At the time of his death he was serving as a gunner on a bomber. The plane was hit somewhere over German Territory and was limping home to England when it crashed into the North Sea. He was flying a mission for some one else who was to sick to fly.
I think I get my obnoxious rebel side from him 🙂 I miss you and your interesting stories. Come for dinner or I’ll come to Calgary 🙂
I too have a great welling up in my chest every Nov 11th. A whole ball of emotions that run the whole range from sadness to pride. Pride for our country and way she has contributed so much in these “War to end all Wars”, again and again. Sadness for those who have paid the ultimate sacrifice and for those left behind, the mothers, fathers, sisters, brothers and all their extended families. I’m also saddened for the lives lost for those who did manage to make it home, then and now.

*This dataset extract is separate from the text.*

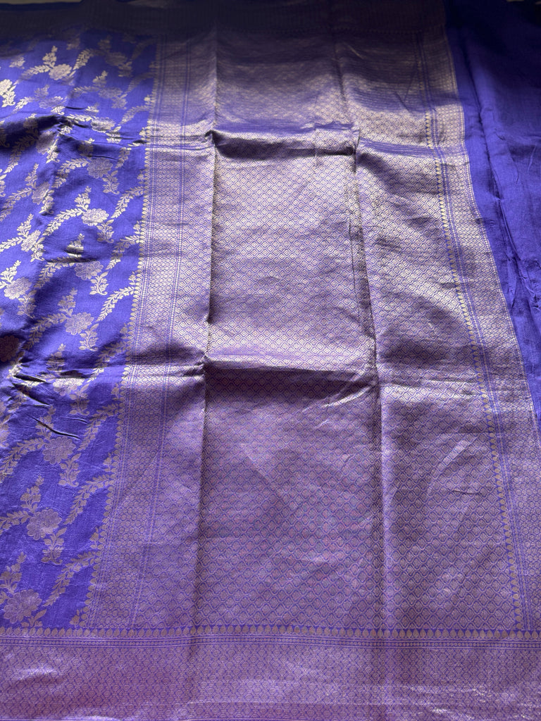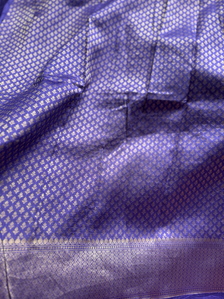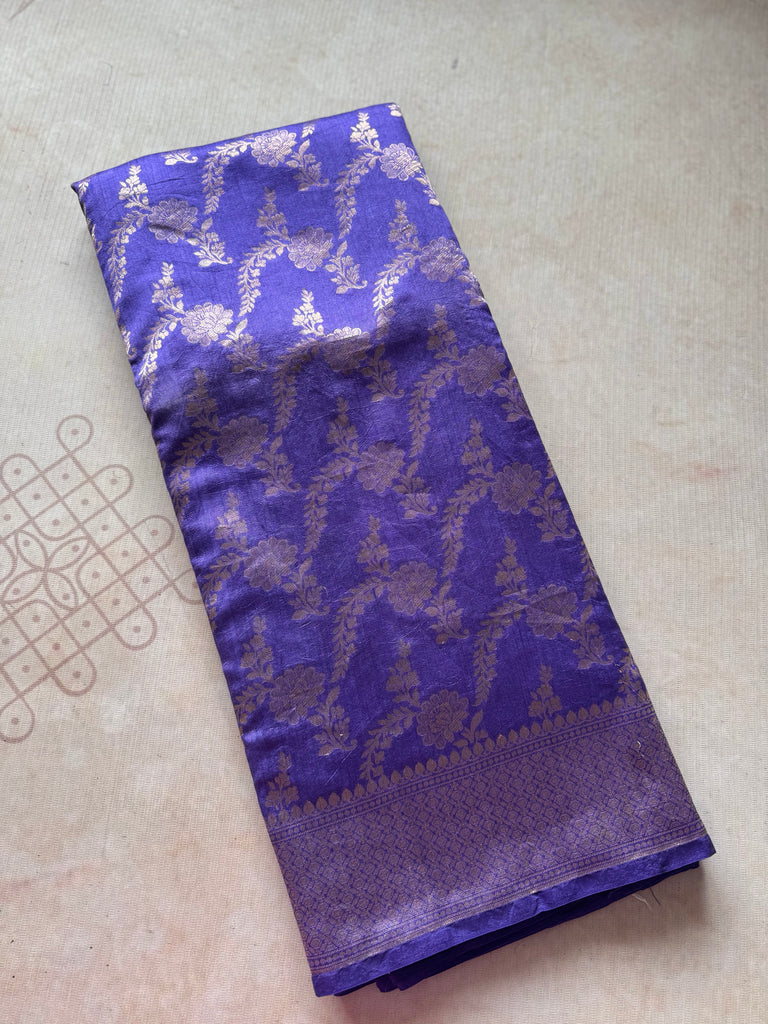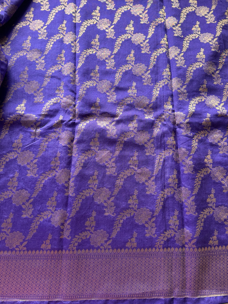 This exquisite dusty pink saree is crafted from premium Pure Chiniya silk, known for its soft texture and lustrous finish. The body features jaal patterns with floral motifscreating a vibrant interplay of color and pattern. The all-over jaal design adds depth and traditional charm to the fabric surface.

By that I mean the ones suffering from PTS, Post Traumatic Stress, as it is now called. I know this because my dad was one of those survivors.
He never spoke much about his 6 years “overseas”, but I now know that it affected him so very much. Remembrance Day, for him, was another day to try and forget, but brought to the forefront by all the services being held.
He was a Sapper in the 2nd Cdn Regiment, R.C.E., 13th Field Co. His service record shows he was in England until Aug 1943, then Sicily, Italy, France and Holland.
He only spoke once of it shortly before his death in 1989. He told of working on a bridge, and turning to speak to his friend working beside him. In his words “He was gone, nothing left”. Then he just shook his head and clammed back up.
I’ll never ever forget those 5 words.
Thank you Dad
And thank you to all of those whose lives have been altered by their sacrifice.
Hey! That’s MY grandma!… and my dad’s brother! Amazing what you can stumble upon googling a name. Hello long lost Edmonton relatives!
I feel like I just had a valuable lesson in family history. Even when questioned my Dad never talked about ANY of this, or any of the war… EVER.. PERIOD! Frankly, I’m not surprised.
Let us never take for granted what these brave men (and woman) fought so valiantly for…..
Hey Cousin! It surprises me your dad never spoke of this! He told the BEST stories!!! I could sit by him for hours and listen to anything he had to say. Oh Uncle El, I miss you too xoxox
Could not imagine the loss of a child, no matter how old they are. To think I almost joined the army in 1999… who knows what may have happened! My grandpa was a pilot in WWII.
Ah, the path not taken… I have a couple of those ones too.